The FCC released its draft rules early in April and there’s much to celebrate in them. Mobile carriers like T-Mobile, AT&T and Verizon that have been degrading video quality for mobile users will have to stop. The FCC kept in place state neutrality protections like California’s net neutrality law, allowing for layers of enforcement. The FCC also made it harder for ISPs to evade net neutrality at the point where data enters their networks.

However, there’s a huge problem: the proposed rules make it possible for mobile ISPs to start picking applications and putting them in a fast lane - where they’ll perform better generally and much better if the network gets congested.

T-Mobile, AT&T and Verizon are all testing ways to create these 5G fast lanes for apps such as video conferencing, games, and video where the ISP chooses and controls what gets boosted. They use a technical feature in 5G called network slicing, where part of their radio spectrum gets used as a special lane for the chosen app or apps, separated from the usual internet traffic.
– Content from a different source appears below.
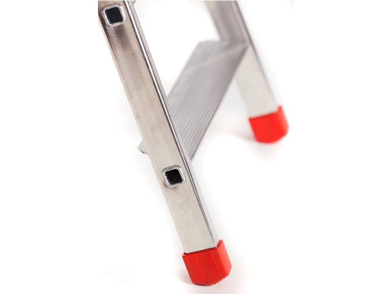 Zware kwaliteit Deze aluminium trap is van hoge kwaliteit. Zo is deze trap voorzien vangefelste treden aan de zijbomen. De gesporte treden hebben een diepte van 85 mm. Extra diep, dus ideaal voor grotere voeten. Verder zijn de scharnieren vervaardigd uit hoogwaardig aluminium.

The FCC’s draft order opens the door to these fast lanes, so long as the app provider isn’t charged for them.

That means we could soon see fast lane offerings like this:

Or we could see add-ons like Enhanced Video Conferencing for $10 a month, or one-time 24-hour passes to have Prioritized Online Gaming.

This isn't imagination.

The ISPs write about this in their blogs and press releases. They talk about these efforts and dreams openly at conferences, and their equipment vendors plainly lay out how ISPs can chop up internet service into all manner of fast lanes.

These kinds of ISP-controlled fast lanes violate core net neutrality principles and would limit user choice, distort competition, hamper startups, and help cement platform dominance.

Net neutrality means that we, the people who use the internet, get to decide what we do online, without interference from ISPs. ISPs do not get to interfere with our choices by blocking, speeding up or slowing down apps or kinds of apps. Apps compete on a level playing field, and users, not ISPs, determine which apps are successful.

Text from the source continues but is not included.